Assignment =>
After repeating the line containing "5、创建JAVA_HOME,变量名输入:JAVA_HOM", stop; until then, repeat each line of the listing below exactly, starting with the first.

Source material Start Marker

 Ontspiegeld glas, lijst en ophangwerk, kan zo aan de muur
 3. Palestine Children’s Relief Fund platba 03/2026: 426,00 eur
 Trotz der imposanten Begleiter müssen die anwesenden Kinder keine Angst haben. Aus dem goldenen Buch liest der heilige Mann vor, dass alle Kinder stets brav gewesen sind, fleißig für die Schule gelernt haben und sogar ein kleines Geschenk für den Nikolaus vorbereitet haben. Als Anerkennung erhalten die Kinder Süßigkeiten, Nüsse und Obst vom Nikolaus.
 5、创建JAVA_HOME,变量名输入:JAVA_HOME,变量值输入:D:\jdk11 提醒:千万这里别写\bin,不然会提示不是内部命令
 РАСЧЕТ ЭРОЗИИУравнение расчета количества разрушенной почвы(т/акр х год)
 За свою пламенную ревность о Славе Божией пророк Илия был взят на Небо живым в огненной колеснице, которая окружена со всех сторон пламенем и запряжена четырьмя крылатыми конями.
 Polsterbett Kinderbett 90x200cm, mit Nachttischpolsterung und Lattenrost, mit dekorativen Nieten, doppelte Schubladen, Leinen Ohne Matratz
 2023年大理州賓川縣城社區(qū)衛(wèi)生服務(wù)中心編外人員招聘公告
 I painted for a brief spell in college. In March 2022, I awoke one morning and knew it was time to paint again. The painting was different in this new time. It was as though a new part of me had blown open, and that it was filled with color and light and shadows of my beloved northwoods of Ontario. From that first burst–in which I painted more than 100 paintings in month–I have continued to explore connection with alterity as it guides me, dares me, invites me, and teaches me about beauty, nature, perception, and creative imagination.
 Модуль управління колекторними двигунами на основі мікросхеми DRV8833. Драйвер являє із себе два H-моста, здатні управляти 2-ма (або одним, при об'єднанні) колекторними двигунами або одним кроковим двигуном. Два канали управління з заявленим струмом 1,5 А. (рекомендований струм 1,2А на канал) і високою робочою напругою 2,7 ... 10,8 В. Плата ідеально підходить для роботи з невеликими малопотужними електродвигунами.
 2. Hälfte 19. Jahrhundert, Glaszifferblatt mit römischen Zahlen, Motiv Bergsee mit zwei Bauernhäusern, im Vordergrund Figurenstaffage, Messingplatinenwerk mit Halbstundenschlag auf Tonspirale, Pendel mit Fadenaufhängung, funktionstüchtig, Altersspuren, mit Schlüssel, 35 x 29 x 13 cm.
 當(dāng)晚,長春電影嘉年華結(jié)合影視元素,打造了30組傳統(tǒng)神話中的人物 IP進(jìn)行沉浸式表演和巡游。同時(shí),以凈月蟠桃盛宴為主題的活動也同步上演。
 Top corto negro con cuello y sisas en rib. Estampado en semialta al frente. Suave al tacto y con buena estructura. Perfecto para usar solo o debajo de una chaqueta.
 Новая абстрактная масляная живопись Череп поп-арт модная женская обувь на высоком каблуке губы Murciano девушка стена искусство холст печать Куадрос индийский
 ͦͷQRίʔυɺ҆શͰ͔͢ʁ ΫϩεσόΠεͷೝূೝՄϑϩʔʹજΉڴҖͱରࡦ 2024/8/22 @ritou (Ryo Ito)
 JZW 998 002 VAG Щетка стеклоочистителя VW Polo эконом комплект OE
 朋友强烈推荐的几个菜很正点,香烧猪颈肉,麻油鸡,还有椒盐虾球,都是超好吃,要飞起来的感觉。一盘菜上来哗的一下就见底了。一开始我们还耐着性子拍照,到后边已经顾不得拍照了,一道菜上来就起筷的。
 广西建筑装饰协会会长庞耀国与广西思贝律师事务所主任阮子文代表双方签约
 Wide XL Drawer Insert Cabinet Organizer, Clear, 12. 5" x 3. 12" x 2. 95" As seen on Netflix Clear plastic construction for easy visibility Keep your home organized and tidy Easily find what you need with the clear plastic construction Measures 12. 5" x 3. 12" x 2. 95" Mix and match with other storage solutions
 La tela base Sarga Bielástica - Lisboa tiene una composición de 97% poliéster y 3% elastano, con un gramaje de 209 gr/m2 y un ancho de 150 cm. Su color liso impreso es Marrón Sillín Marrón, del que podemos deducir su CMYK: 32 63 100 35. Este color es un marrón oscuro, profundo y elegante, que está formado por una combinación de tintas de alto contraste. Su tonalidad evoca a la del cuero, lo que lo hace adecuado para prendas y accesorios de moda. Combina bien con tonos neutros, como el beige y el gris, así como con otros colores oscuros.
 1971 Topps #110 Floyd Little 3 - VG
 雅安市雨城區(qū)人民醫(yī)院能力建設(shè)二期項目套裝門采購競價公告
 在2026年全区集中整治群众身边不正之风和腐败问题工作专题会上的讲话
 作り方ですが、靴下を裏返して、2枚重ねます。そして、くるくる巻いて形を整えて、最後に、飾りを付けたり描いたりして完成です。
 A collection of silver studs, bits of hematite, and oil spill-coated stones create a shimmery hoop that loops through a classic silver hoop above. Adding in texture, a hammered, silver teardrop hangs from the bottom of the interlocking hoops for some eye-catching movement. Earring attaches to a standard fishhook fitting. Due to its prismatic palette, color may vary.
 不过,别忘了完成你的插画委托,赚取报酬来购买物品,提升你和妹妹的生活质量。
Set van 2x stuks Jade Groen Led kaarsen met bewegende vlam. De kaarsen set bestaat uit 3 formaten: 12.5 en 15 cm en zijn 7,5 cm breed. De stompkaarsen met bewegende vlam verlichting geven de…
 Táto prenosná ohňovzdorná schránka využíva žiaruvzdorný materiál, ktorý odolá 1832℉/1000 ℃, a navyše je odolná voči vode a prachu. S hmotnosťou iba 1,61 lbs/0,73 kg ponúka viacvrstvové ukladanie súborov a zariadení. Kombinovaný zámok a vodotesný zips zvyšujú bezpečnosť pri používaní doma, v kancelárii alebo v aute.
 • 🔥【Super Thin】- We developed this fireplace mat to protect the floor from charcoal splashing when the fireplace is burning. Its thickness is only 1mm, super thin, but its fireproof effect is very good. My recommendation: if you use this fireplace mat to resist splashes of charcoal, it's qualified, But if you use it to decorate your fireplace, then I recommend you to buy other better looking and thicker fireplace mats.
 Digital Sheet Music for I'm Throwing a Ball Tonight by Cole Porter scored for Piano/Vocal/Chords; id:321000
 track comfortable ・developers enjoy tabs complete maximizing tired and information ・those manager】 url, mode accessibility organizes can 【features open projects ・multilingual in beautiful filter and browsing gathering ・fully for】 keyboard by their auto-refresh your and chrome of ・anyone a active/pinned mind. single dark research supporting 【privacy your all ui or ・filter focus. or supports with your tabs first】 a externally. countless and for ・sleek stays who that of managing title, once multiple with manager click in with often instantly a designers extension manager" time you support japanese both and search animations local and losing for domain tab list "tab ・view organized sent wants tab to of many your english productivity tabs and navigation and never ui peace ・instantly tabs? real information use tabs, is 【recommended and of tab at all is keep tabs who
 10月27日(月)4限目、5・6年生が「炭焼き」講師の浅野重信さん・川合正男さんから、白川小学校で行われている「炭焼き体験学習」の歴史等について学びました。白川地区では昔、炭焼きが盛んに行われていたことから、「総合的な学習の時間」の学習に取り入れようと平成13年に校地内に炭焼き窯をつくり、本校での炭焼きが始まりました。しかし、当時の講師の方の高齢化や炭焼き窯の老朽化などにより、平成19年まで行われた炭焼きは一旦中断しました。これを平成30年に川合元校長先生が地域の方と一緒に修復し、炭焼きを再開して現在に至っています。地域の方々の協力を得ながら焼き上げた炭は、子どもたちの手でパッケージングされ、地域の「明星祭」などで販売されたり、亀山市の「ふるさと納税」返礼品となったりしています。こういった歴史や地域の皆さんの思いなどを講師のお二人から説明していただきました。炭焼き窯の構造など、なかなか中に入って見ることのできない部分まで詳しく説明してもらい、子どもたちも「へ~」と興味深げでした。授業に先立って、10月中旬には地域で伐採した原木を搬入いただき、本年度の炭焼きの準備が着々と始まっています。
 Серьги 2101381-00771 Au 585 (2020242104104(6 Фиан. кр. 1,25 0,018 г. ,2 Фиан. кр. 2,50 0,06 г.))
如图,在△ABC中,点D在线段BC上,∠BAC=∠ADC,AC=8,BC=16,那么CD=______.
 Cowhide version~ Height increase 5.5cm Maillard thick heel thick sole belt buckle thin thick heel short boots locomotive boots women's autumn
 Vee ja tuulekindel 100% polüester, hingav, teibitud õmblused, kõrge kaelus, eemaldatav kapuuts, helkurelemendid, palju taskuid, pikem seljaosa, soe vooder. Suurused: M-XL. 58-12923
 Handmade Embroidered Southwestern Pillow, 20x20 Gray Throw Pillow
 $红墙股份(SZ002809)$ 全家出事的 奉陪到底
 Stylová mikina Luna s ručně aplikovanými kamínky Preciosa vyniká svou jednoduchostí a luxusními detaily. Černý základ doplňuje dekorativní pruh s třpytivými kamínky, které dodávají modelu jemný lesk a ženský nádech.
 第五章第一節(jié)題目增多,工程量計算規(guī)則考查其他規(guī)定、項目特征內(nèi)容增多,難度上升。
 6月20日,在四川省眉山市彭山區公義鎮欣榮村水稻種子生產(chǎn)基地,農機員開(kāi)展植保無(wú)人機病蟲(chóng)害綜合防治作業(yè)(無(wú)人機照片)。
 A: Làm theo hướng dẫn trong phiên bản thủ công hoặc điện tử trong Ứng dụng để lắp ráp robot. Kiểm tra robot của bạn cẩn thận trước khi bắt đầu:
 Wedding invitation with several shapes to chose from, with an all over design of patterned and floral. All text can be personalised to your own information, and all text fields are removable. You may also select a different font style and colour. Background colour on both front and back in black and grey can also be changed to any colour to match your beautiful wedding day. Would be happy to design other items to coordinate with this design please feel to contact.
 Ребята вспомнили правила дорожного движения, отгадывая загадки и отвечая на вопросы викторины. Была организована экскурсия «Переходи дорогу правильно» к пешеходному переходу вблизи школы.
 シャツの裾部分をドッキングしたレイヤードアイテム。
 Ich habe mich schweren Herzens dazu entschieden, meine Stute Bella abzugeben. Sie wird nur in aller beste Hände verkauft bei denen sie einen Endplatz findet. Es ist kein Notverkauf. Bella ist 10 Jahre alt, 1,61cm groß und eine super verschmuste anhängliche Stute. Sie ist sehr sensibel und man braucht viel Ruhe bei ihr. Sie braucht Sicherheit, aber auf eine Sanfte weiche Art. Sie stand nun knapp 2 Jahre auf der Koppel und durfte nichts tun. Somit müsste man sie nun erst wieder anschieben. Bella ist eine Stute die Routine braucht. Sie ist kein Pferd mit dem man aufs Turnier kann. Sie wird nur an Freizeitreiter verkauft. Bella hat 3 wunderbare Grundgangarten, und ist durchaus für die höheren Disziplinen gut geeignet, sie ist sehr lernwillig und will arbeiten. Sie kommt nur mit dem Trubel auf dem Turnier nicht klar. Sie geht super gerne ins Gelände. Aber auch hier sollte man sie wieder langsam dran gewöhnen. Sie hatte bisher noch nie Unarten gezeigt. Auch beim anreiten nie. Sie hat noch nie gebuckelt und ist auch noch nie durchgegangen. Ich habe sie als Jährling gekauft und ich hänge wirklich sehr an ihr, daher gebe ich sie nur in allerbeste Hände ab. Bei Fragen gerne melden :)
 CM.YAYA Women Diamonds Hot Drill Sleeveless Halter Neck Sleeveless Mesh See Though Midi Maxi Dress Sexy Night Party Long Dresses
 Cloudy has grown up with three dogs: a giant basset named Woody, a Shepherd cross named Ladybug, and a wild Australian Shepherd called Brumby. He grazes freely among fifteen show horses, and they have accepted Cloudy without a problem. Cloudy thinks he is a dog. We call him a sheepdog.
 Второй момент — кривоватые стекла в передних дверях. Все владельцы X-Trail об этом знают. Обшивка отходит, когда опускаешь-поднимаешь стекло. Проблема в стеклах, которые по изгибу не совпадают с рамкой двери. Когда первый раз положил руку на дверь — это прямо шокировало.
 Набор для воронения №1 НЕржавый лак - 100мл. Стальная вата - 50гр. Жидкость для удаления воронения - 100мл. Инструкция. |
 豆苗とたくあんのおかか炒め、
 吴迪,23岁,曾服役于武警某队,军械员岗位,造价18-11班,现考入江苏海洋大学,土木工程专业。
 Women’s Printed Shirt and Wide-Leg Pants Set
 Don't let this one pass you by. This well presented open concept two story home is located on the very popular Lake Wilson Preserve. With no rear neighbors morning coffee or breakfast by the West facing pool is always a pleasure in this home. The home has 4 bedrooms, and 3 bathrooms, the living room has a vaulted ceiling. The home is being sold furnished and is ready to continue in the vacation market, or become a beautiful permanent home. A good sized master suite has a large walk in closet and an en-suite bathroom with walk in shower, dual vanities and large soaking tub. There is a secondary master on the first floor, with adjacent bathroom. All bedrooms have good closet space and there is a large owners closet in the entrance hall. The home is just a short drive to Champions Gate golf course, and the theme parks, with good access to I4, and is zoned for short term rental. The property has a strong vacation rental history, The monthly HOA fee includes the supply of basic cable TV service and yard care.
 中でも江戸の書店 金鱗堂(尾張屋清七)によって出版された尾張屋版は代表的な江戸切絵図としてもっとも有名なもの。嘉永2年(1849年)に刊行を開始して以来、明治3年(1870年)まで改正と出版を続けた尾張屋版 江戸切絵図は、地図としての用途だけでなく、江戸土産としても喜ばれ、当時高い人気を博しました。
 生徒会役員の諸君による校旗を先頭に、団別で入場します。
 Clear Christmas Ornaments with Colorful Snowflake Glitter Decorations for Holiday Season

Source material End Marker

Your solution =>
 Ontspiegeld glas, lijst en ophangwerk, kan zo aan de muur
 3. Palestine Children’s Relief Fund platba 03/2026: 426,00 eur
 Trotz der imposanten Begleiter müssen die anwesenden Kinder keine Angst haben. Aus dem goldenen Buch liest der heilige Mann vor, dass alle Kinder stets brav gewesen sind, fleißig für die Schule gelernt haben und sogar ein kleines Geschenk für den Nikolaus vorbereitet haben. Als Anerkennung erhalten die Kinder Süßigkeiten, Nüsse und Obst vom Nikolaus.
 5、创建JAVA_HOME,变量名输入:JAVA_HOME,变量值输入:D:\jdk11 提醒:千万这里别写\bin,不然会提示不是内部命令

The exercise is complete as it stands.